Anyone with the necessary logins is encouraged re-enable tools as
needed. Specifically:
- If you are contacted by a tool admin requesting restoration, feel free
to restore the tool according to the steps above. First, though, please
make sure the concerned admin is aware that the grid is going away, and
make sure you (or better yet the admin) update the workboard task
associated with the tool explaining how they plan to deal with the
coming shut-down and how they can be contacted in the future.
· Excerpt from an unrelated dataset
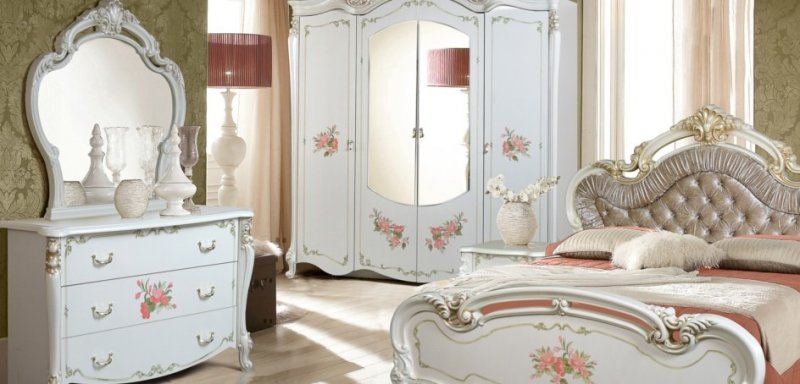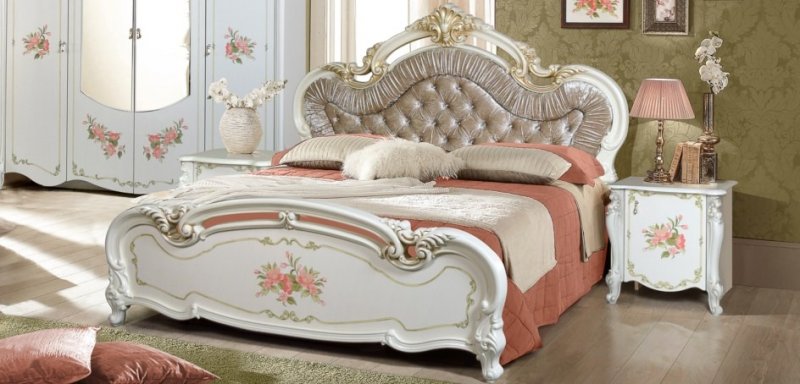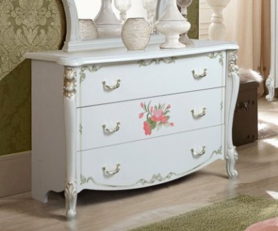Коллекция Альба – это романтика и очарование Прованса, весеннее настроение, игривость цветочного декора, классический дизайн. В производстве использована ДСП 18 мм европейского стандарта Е 1 в фасадах и корпусах производства Swiss Krono Group, итальянская фурнитура, петли FGV, ручки Cosmov. Столешницы комодов и прикроватных тумб выполнены из МДФ 22мм. Изголовье кровати декорировано тканью. Коллекция лакированная - 3 слоя глянцевого полиуретанового лака, а также применяется 3- цветная шелкография. Спальное место – 1800x2000 мм.

- If you are contacted by users of a tool requesting restoration, please
encourage them to reach out to the admin and have the admin request
restoration directly. If it's clear that a tool is needed but has no
reachable admin, add notes to the phab task accordingly, then move the
task into the 'Help wanted' column and add 'Abandoned:' to the task
title.
== What is disabling/enabling? ==
The disable scripts do the following:
- set a grid quota that prevents future jobs from being scheduled
- move grid-specific service.manifest files to 'service.disabledmanifest'
- add a 'TOOL_DISABLED' to the tool home
- archive crontab
- qdel all existing grid jobs
Enable scripts do this:
- remove restrictive grid quota, permitting jobs to be scheduled
- move 'service.disabledmanifest' back to service.manifest if no
service.manifest is currently present
- remove 'TOOL_DISABLED' file
- restore crontab
Note that the enable script do not actively start anything. So
non-webservice tools will likely require a manual start after enabling.